Clady, Manning and Miller were also voted to the All-Pro First Team, while Bailey was named to the Second Team.

==Other news and notes==

- The Broncos switched their primary home jersey color from navy blue to orange. The orange jerseys that served as the team's alternate colored jersey from 2002 to 2011 became the primary home jersey, while the navy blue jerseys that served as the team's primary home jersey from 1997 to 2011 switched to alternate designation. The change was made due to overwhelming popularity with fans, who clamored for the team to return to wearing orange at home, which was the team's predominant home jersey color from 1962 to 1996.
- On April 3, the Broncos, along with each of the other 31 NFL teams, unveiled the team's new uniforms for the 2012 season, with Nike replacing Reebok as the NFL's merchandising dealer. With the exceptions of a few tweaks (including the neckline), the team's uniform designs remained the same as the previous seasons.

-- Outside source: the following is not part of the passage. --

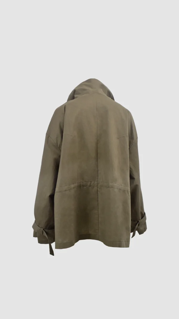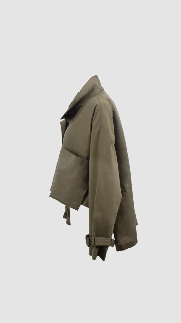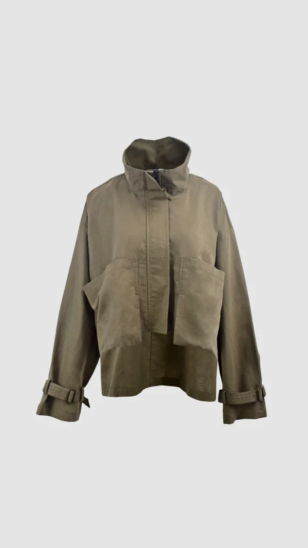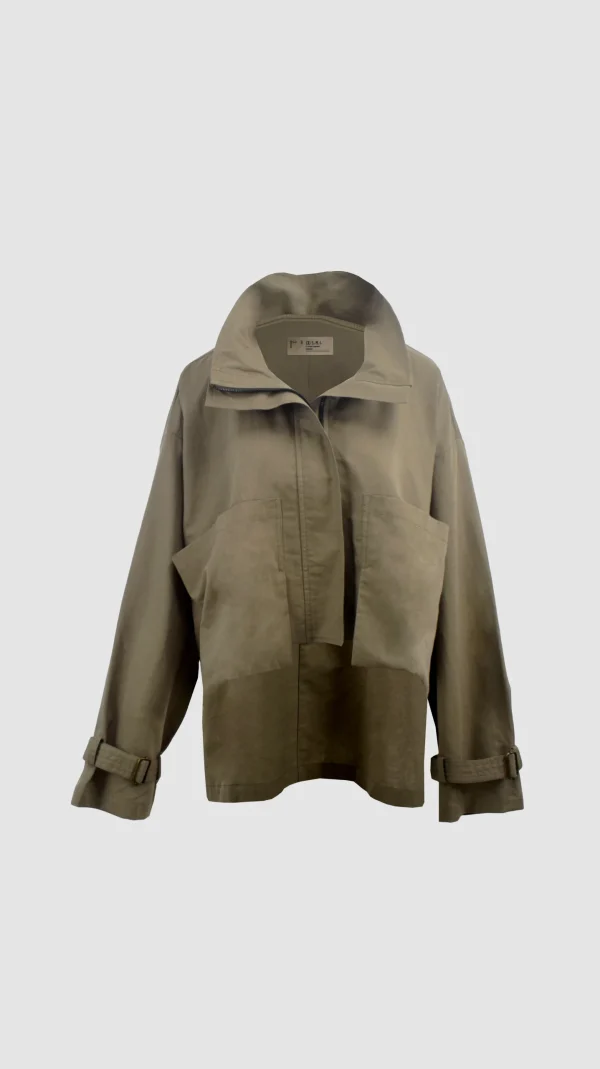 The olive green jacket, crafted from a premium cotton and linen blend, offers a perfect balance of comfort and style. Ideal for layering, this jacket is a must-have addition to your wardrobe.
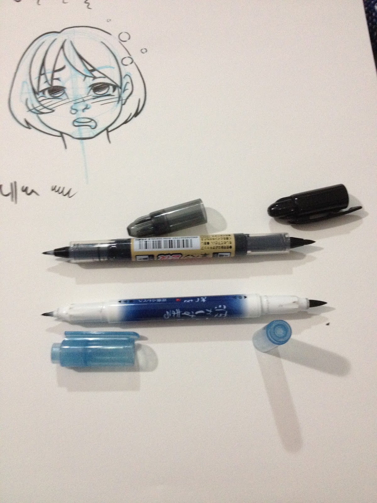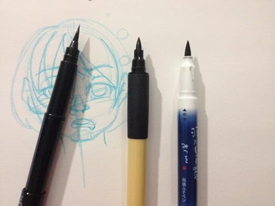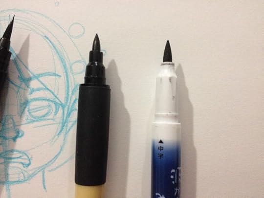For those of you who don't know, my setup is extremely humble over here. One smartphone (an iPhone 4S), one Google Drive account with additional storage to facilitate the transfer of photos, one sketchbook, one non photo blue mechanical pencil, one pen at a time (these days). There's also one Becca, which is sometimes the hardest thing of all to have in such short supply, because there's always so much I want to do. Although I try to stay consistent, sometimes I fall behind, caught up in the hustle of attending conventions, making new merchandise, endless painting, and testing new supplies. I'm sure there's someone out there who would be happy enough to do some light interning in return for art supplies, but I'm not so sure it's a job I'd want to hand over to anyone else. Part of this is because I'm a control freak- if my name is attached to something, I want to make sure it's right, but part of it is simply because I legitimately love testing art supplies, and I love testing best when there are no strings attached, no reader waiting with baited breath for my opinion between two brands. Maybe this is why the fude and brush pen reviews are my favorite, even though they are the least popular reviews on my blog. I am reviewing these pens for my own enjoyment. Of course, the fact that it requires far less financial investment to review even a large set of colored fude pens than it does to review enough alcohol based markers to form an opinion doesn't hurt a bit.

- On July 31, former Broncos' wide receiver Ed McCaffrey, who played with the Broncos from 1995 to 2003, was announced as the team's new color commentator alongside play-by-play announcer Dave Logan on the team's radio network, 850 KOA (AM). McCaffrey replaced Brian Griese, the station's color commentator for the previous two seasons, who took on expanded duties with ESPN's college football coverage.
- The Broncos set a new single-season franchise record for home attendance with 613,062 fans, surpassing the previous record of 612,893 that was set in 2007.